Ese dato, ingenuamente transmitido por el usuario pero que llega a conocimiento público porque le han sido cerradas todas las otras vías de comunicación le permite al delincuente ponerse en contacto con una persona desesperada que recibe su llamada con la alegría de creer que está hablando directamente con “alguien del banco”. Lo que lo lleva a querer solucionar todos sus problemas en ese instante único, raro y de difícil reproducción en el futuro, en el cual tiene al otro lado de la línea a un ser humano empático y preocupado por su situación.
Las deficiencias en la atención al cliente son fundamentales para hacer posible la estafa. Un cliente correctamente atendido y bien informado por parte del banco acerca de las maneras de operar no cae tan fácilmente en estas estafas.
Por otra parte desde los bancos sumaron otros elementos que contribuyeron a esta situación: por ejemplo, la baja de los requisitos para tomar un crédito es realmente notable. Clientes con cuentas sueldo -con lo cual el banco conoce perfectamente sus ingresos- han visto que sobre las mismas se han tomado créditos en los cuales el pago de la primera cuota supera un sueldo entero y las siguientes mucho más de la mitad del mismo.
Más allá de la cuestión estrictamente de seguridad, ¿puede creer el banco al otorgar ese crédito a un solo clic que el mismo va a poder ser pagado? ¿No analizan la capacidad de pago del cliente al momento de otorgar un crédito? ¿De dónde proviene tanta generosidad?
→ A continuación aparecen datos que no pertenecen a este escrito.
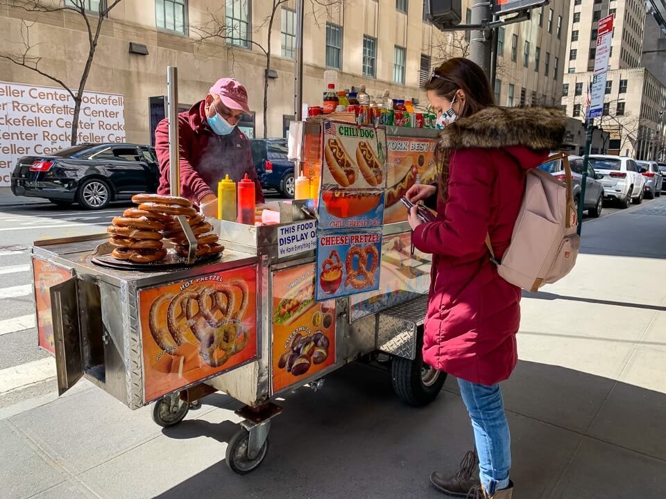 Does anything scream NYC tourist more than snacking on a hotdog from a mobile hotdog stand?! Who cares, you have to try at least one during your visit to New York. You’ll find hotdog stands pretty much everywhere around the streets of Manhattan.

Otra cuestión que genera las mismas preguntas anteriores es la simplificación de la operatoria para obtener un crédito. La presentación de carpetas y carpetas con documentación es cosa del pasado, hoy basta un solo clic y en segundos el dinero está acreditado en la cuenta y a disposición del delincuente para que lo haga desaparecer.
¿Pero de quién es esa urgencia para operar velozmente? ¿Del cliente o del banco?
Sin dudas del banco. Nadie está tan desesperado como para necesitar el dinero en segundos, sin poder esperar siquiera unas horas para que se realicen verificaciones de seguridad. Pero el banco sí tiene interés en que se realice el contrato de manera rápida y sin controles, no solo por la ganancia que la operación le genera sino por los beneficios anunciados en marzo pasado por el BCRA, para aquellas entidades que otorguen créditos a personas y pymes que no tuvieran otros otorgados con anterioridad por algún banco.
Los delincuentes podrían ser menos delincuentes, los usuarios podrían estar un poco más atentos, pero la responsabilidad de los bancos es innegable, simultáneamente pasaron de la atención presencial a la virtual sin ningún tipo de asistencia a sus clientes, suspendieron injustificadamente la atención telefónica en un momento crucial, bajaron los requisitos para acceder a un crédito y simplificaron la operatoria hasta límites insólitos.
Eduquemos al consumidor financiero acerca de las medidas de seguridad que debe adoptar, pero al mismo tiempo sería bueno que desde las entidades bancarias se comiencen a generar condiciones para que la “tormenta perfecta” comience a disiparse.